Mysql – MariaDB Parallel Replication Drifting at random times

galeralinuxmariadbMySQLreplication

I have recently been thrown in the deep-end to manage our Database servers since our DBA left.

The current set-up is Mariadb (mariadb Ver 15.1 Distrib 10.1.38-MariaDB, for debian-linux-gnu), InnoDB (I turned on innodb_file_per_table as we had some 200+GB ibdata1 files.). We use parallel (conservative) replication.

a little bit of the config (just without ssl certs)

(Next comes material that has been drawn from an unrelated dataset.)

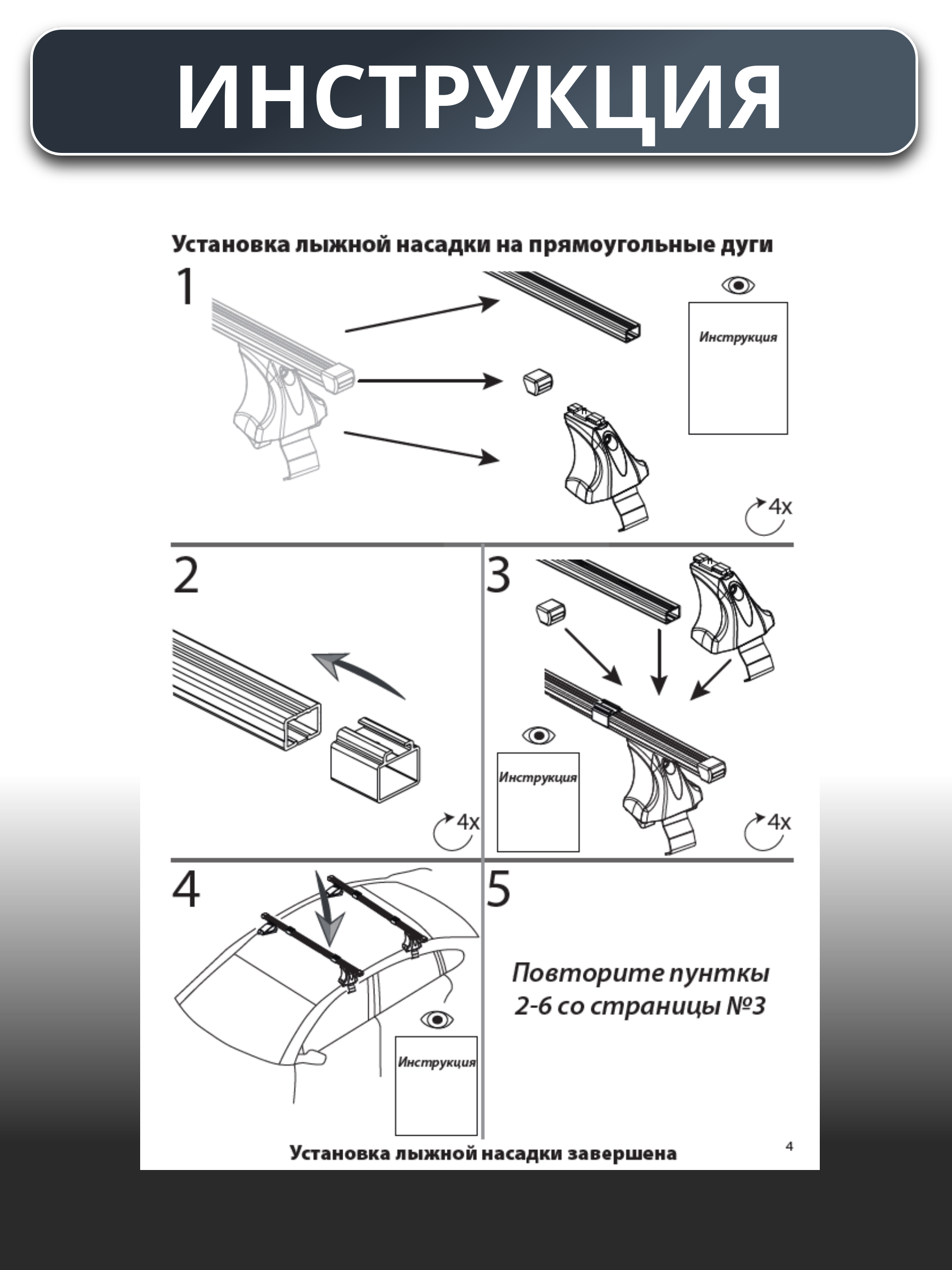 Крепления подходят для транспортировки 6-и пар лыж или 4-х сноубордов.

innodb_file_per_table = On
innodb_thread_concurrency = 0
innodb_buffer_pool_size = 40G
innodb_buffer_pool_instances = 20
innodb_flush_log_at_trx_commit = 1
sync_binlog = 1
table_open_cache = 8192
thread_cache_size = 256
table_cache = 70000
open_files_limit = 100000
log_slave_updates
collation-server = utf8_general_ci
init-connect='SET NAMES utf8'
character-set-server = utf8
## Logging
log-output = FILE
slow-query-log = 1
slow-query-log-file = /var/lib/mysql/slow-log
log-slow-slave-statements
long-query-time = 30
log_warnings = 2

I have noticed that sometimes our servers drift but this usually corrects itself as I am assuming a large statement(s), one of the reasons I turned on Logging. But some servers will just not correct themselves and one of these only has a 2.6G ibdata1 file, I have restarted slave a few times but its just very slow. I am good on the Linux and Hardware side and ensured there is no other problems with disks. The network link between the servers via web, each server has 1Gbps Connection though and we see no latency ~6ms ping and stable. Some servers drift when there is no load on the servers, like the slave is not requesting from the master and it certainly doesn't seem to use full bandwidth. Overnight one of our servers has gone from being synced to 3 hours behind and seems to be increasing. I cannot see any issue on other database or even any users logged in to our application. could something be locking it from replicating?

Any help or suggestions would be really appreciated as I am kind of thrown in the deep-end here, I am not a DBA but whilst we do not currently have one I am the "best fit" and we need to get these servers replicated correctly for production.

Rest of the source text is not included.